Il ne s’agit pas de considérer ces trois niveaux de la réalité sociale comme des univers clairement délimités et hermétiques les uns aux autres, mais plutôt mutuellement imbriqués, impliquant que les acteurs agissent de manière directe ou indirecte à plusieurs échelles. Par exemple, il sera intéressant de comprendre comment la création des programmes de travailleurs étrangers temporaires (PTET) produit des règles et des normes de migration et de travail à un niveau méso-social, structurant ainsi les pratiques des employeurs en termes de recrutement et de gestion des ressources humaines. Par ailleurs, ces programmes génèrent des impacts micro-sociaux, si l’on considère la production concrète des conditions de travail et d’existence des travailleuses et travailleurs concernés, ainsi que des conditions de défense de leurs intérêts et de lutte individuelle et collective. Enfin, ces programmes de TET participent à structurer globalement, c’est-à-dire à l’échelle mondiale, des réseaux migratoires institutionnalisés qui participent d’une nouvelle division internationale du travail et qui ont des impacts durables sur les marchés de l’emploi, les économies et les dynamiques sociales des pays pourvoyeurs de main-d’œuvre, comme sur celles des pays demandeurs. Cet exemple de politique publique fédérale canadienne qui constitue un acteur essentiel dans la construction de la réalité sociale des TET, montre que son champ d’action part du niveau méso-politique pour s’étendre aux deux autres niveaux, micro-social et macro-social de la réalité sociale.

Par ailleurs, le fait de considérer l’ensemble des acteurs qui structurent la réalité sociale à différentes échelles, va de pair avec un regard systémique sur les objets d’étude, refusant d’emblée l’idée selon laquelle la réalité serait explicable à partir d’une ou de quelques causes premières. Au contraire, il s’agit de prendre acte qu’un ensemble de phénomènes s’imbriquant mutuellement et interagissant entre eux, produisent la réalité sociale à travers l’action de certains acteurs spécifiques que la recherche permet d’identifier.

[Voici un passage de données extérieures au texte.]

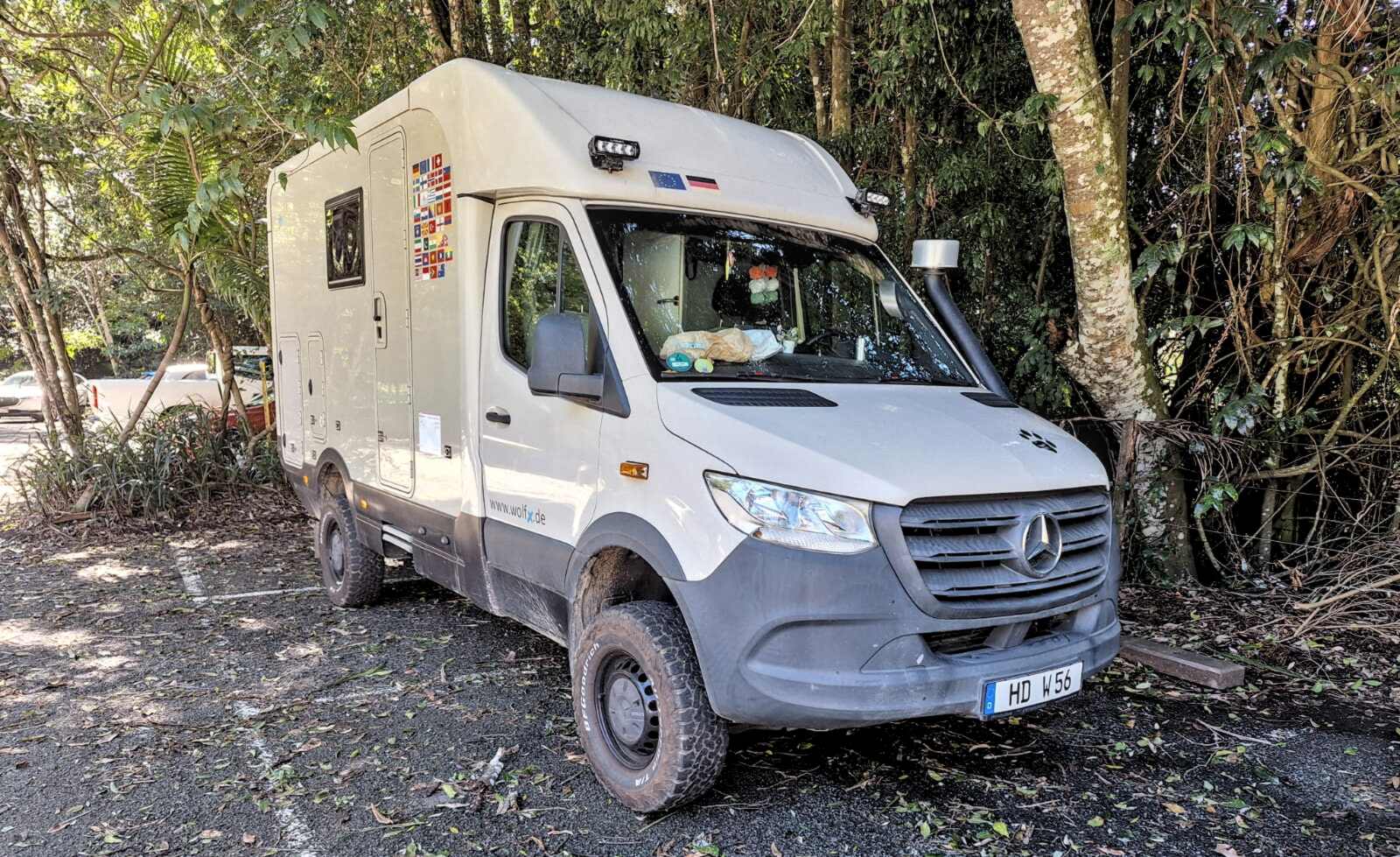 Vor vier Tagen sind wir dann aufgebrochen, haben bei einem Bushwalk den Mount D'Aguilar und das Wrack einer Piper Commanche, 1977 abgestürzt, besucht. Toller Regenwald, zum Gipfel hin wenig Wegspuren, kaum ein Durchkommen. Auf einem nahen Parkplatz wurde Bertha fotografiert, das Bild an ein deutsches Ehepaar weitergeleitet, das uns daraufhin per eMail zu sich nachhause eingeladen hat.

Concrètement, les deux régimes de travail, l’emploi en agence de placement et le travail migrant temporaire qui constituent les objets respectifs des Chapitre III et IV, seront étudiés selon l’objectif général37 de comprendre quels sont les acteurs qui participent à structurer les situations des travailleurs rencontrés, comment ils interagissent, comment se structurent leurs

rapports de pouvoir et de domination, quelle est la nature de leurs conflits éventuels, quelles sont les ressources mobilisées pour les régler et comment les représentations portées et véhiculées par les uns et les autres se situent dans une négociation permanente. Or, parmi les acteurs que nous avons décliné ci-dessus (de façon non-exhaustive), une attention particulière devra être portée au Centre des travailleurs immigrants (CTI) qui fut ma porte d’entrée vers l’univers des travailleuses et travailleurs précaires, immigrants et migrants temporaires et qui par son activité locale et communautaire, soit à l’échelle micro-sociale, et son engagement politique et médiatique, à un niveau méso-social, est un acteur à part entière dans la construction de la réalité sociale des participants à la recherche. En effet, le CTI fait figure d’acteur contestataire qui produit une lecture alternative de la réalité sociale, au sens où elle brise le consensus des acteurs internationaux et nationaux, étatiques ou privés sur la création de régimes d’emploi ultra flexibles qui ont tendance à structurer les relations d’emploi en faveur des employeurs. En quelque sorte, le CTI met en scène la précarité des travailleuses et travailleurs immigrants et migrants temporaires, afin d’en dénoncer le sort et en leur proposant des ressources pour s’organiser collectivement, entrer dans un rapport de force avec d’autres acteurs et transformer possiblement leur situation sociale.